DocketNumber: No. 25011
Citation Numbers: 155 Tex. Crim. 225, 233 S.W.2d 499
Judges: Beauchamp
Filed Date: 11/1/1950
Status: Precedential
Modified Date: 1/13/2023
Jack Rentscheler instituted proceedings by filing petition for writ of habeas corpus in the district court of Walker County. Judge Max M. Rogers, of that court, had a hearing, granted the writ and made it returnable to the court of criminal appeals, with the evidence which he had heard.

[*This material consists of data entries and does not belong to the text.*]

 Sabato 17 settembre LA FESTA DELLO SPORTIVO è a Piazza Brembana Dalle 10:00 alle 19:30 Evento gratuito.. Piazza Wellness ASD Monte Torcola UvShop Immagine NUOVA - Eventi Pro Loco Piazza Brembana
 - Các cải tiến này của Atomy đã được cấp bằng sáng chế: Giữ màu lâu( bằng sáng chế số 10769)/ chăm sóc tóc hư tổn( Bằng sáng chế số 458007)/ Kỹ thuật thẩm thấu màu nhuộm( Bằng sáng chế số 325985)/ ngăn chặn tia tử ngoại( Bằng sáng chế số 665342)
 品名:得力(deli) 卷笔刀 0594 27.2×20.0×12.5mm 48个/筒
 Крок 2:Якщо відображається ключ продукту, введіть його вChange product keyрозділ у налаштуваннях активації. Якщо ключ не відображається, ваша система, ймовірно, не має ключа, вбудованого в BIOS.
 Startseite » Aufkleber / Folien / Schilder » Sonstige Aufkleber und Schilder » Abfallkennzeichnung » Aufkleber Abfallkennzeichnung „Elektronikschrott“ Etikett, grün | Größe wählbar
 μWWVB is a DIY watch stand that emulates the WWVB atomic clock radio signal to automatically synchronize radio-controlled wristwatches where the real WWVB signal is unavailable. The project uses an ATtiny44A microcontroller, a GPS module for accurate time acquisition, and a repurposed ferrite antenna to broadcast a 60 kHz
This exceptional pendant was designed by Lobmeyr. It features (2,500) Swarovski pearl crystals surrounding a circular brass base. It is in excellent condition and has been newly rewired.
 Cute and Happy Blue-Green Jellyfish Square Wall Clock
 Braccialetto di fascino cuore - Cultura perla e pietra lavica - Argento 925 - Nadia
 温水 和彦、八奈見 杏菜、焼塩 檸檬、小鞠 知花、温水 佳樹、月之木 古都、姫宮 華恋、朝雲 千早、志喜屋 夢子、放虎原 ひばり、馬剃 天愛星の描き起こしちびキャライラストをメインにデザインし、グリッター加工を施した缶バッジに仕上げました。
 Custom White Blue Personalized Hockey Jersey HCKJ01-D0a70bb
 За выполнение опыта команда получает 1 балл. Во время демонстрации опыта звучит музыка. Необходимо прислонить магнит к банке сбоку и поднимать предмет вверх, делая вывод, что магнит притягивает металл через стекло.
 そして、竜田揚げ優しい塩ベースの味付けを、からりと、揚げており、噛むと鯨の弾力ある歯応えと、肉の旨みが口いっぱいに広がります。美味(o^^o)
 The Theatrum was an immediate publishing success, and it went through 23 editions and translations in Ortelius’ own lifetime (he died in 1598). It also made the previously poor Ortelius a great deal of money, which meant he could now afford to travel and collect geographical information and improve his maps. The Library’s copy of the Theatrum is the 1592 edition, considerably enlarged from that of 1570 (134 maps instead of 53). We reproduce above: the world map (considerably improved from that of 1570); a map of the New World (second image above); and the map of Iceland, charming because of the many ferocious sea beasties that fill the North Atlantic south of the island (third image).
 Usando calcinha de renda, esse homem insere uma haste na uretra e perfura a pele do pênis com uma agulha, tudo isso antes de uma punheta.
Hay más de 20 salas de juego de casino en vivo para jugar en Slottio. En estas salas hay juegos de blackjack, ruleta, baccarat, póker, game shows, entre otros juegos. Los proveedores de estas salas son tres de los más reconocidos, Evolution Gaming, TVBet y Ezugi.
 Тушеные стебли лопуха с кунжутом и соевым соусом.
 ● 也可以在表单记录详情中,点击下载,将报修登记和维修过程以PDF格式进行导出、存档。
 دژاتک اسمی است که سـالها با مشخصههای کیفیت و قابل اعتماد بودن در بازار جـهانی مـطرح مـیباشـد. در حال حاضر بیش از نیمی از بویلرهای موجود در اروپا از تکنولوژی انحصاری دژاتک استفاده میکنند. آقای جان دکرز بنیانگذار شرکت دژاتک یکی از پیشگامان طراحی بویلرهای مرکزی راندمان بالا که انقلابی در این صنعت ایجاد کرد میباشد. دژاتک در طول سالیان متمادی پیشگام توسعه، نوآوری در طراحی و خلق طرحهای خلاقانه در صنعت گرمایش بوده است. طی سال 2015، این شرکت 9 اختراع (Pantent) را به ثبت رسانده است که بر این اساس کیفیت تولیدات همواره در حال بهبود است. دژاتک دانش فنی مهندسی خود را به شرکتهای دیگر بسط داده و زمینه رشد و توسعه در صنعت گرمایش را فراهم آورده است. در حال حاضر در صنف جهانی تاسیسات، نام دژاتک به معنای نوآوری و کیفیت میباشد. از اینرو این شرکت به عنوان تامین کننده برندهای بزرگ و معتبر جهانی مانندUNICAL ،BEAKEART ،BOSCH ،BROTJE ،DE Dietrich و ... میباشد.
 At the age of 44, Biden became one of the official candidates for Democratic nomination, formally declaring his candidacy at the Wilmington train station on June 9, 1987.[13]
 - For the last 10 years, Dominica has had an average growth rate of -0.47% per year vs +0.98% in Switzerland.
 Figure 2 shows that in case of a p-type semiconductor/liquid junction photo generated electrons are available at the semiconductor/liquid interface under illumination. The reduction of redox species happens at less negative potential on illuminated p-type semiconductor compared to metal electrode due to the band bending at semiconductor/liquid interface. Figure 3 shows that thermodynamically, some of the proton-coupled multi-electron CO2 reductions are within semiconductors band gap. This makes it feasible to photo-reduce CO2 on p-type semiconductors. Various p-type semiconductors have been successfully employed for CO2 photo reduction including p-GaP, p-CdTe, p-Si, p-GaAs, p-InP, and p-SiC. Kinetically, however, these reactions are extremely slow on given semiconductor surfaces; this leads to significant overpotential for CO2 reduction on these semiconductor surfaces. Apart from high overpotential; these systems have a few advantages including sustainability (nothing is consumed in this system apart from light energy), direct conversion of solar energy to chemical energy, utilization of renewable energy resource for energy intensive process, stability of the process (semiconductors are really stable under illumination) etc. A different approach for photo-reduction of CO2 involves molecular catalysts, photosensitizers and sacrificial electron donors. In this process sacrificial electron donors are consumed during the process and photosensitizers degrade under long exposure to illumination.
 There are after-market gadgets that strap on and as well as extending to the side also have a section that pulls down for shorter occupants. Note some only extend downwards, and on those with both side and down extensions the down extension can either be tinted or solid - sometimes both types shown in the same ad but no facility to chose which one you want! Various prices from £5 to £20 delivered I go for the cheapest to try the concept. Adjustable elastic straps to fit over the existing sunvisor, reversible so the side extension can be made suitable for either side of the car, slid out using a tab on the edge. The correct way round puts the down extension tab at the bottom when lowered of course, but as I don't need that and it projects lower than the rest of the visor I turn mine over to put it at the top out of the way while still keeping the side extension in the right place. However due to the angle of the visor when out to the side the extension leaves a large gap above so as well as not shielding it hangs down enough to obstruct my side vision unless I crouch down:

Testifying in his own behalf Rentscheler said that he was serving combined sentences of thirty-five years upon his conviction in Robertson County. It is his contention that because he was made a trusty on August 5, 1941, and served as such receiving twenty-five days a month overtime until the 10th of March, 1943, when he was granted an Out-of-State Conditional Pardon, that he was entitled to the twenty-five days a month overtime until August 7, 1946, when this conditional pardon was revoked. He was then returned to the “Walls” in Huntsville and was not put on any particular job, but was simply in the “line.” He had not been made a trusty since his return but it is his contention and he bases his application on the claimed status that he is now, and has been all this time, a state approved trusty and entitled to the twenty-five days a month overtime that he was receiving up to the time of his conditional pardon. He went to the State of California, got in trouble in 1945, and served a one year jail sentence there. At the expiration of that sentence he was confronted with a hold order and brought back to the penitentiary of Texas. He now claims three years, five months and twenty-three days credit earned on the basis above stated while out on the conditional pardon, including the time spent in jail.
We quote with approval from the state’s brief as follows: “There is no merit to relator’s application for the writ of habeas corpus, and same should be denied. Reference to the statement of fact shows that relator was sentenced to serve a total of 35 years because of his conviction of three burglaries and of one burglary of a private residence at night. This sentence was to begin 7-27-32 and he now has, counting his good time earned, a credit of 21 years, 10 months, and 11 days on his 35 years time, which would not make him eligible for discharge until 6-29-58.
“It appears that in 1943 relator was a trusty receiving 25
“Appellant makes a claim in his petition for habeas corpus that at the time he received the conditional pardon he was a state-approved trusty and was entitled to 25 days a month overtime, that he was entitled to have credit for the time, including overtime, while he was out on the conditional pardon. This contention is untenable in view of the Acts of the Legislature of Texas of 1943 and 1945.”
The relief prayed for is denied and relator is remanded to the custody of the state penitentiary.